Work item: The expected output is the data below, character for character, without its pictures.

Source material:
★ ★ ★ ★ ★
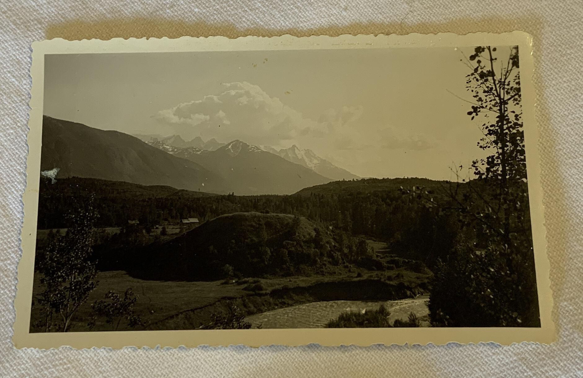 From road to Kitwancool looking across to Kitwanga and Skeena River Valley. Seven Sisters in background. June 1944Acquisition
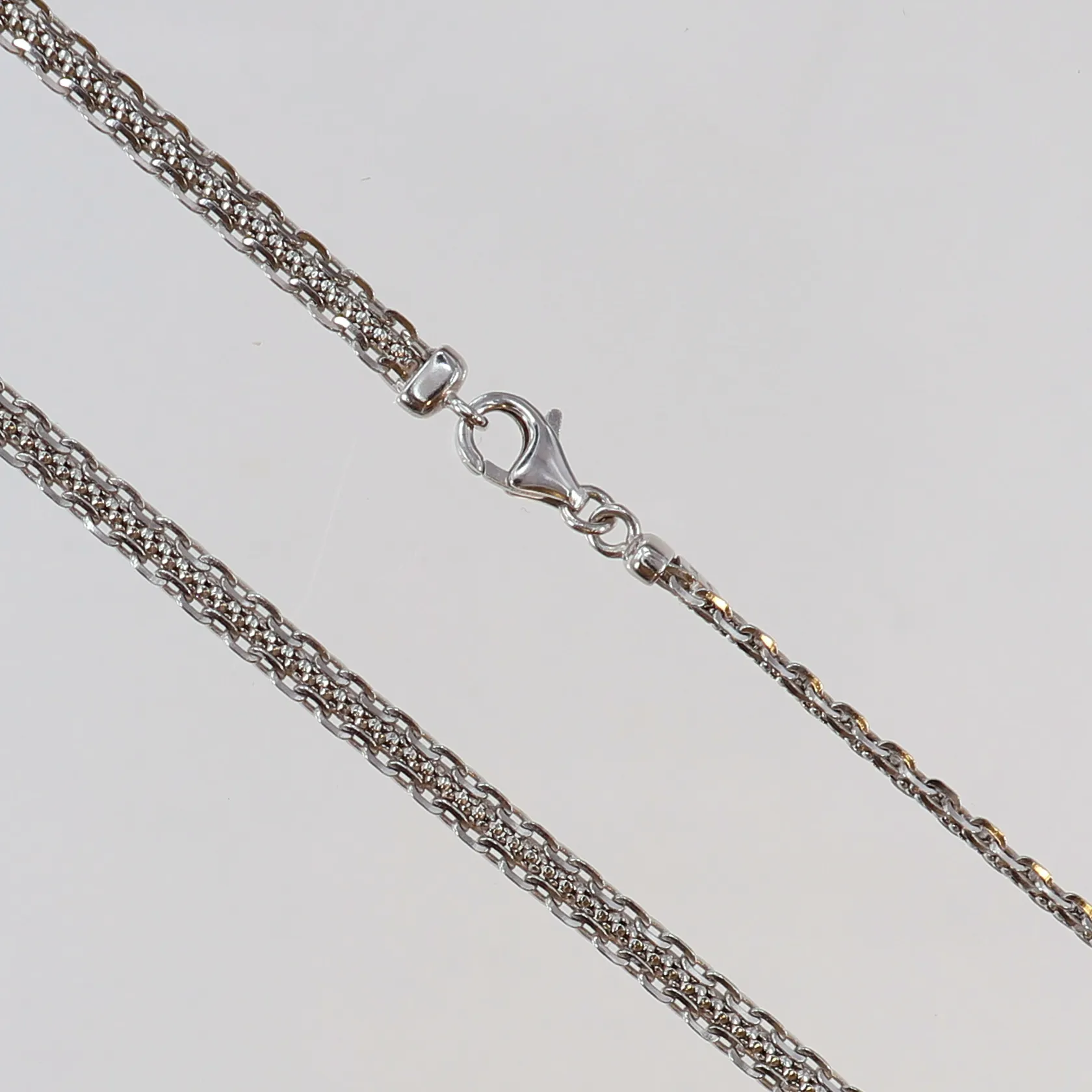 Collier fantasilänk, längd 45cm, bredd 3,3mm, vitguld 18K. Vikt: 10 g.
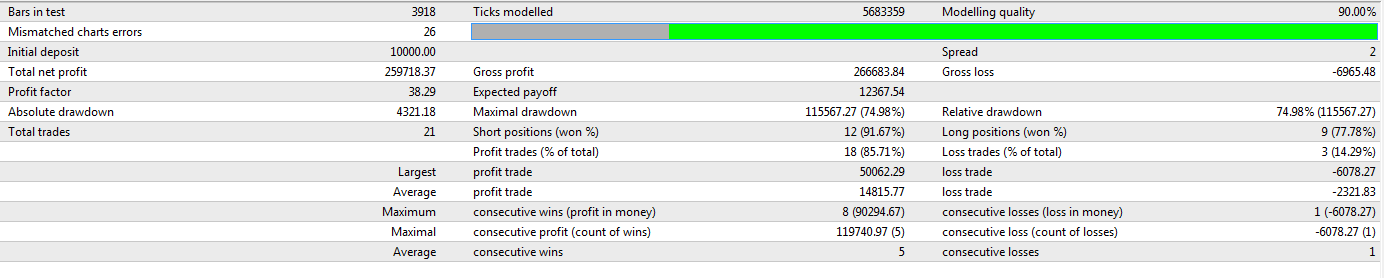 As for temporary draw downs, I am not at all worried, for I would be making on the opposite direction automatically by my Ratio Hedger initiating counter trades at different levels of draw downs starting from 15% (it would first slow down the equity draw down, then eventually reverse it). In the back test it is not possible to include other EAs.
★ ★ ★ ★ ★
Task answer:
 From road to Kitwancool looking across to Kitwanga and Skeena River Valley. Seven Sisters in background. June 1944Acquisition
 Collier fantasilänk, längd 45cm, bredd 3,3mm, vitguld 18K. Vikt: 10 g.
 As for temporary draw downs, I am not at all worried, for I would be making on the opposite direction automatically by my Ratio Hedger initiating counter trades at different levels of draw downs starting from 15% (it would first slow down the equity draw down, then eventually reverse it). In the back test it is not possible to include other EAs.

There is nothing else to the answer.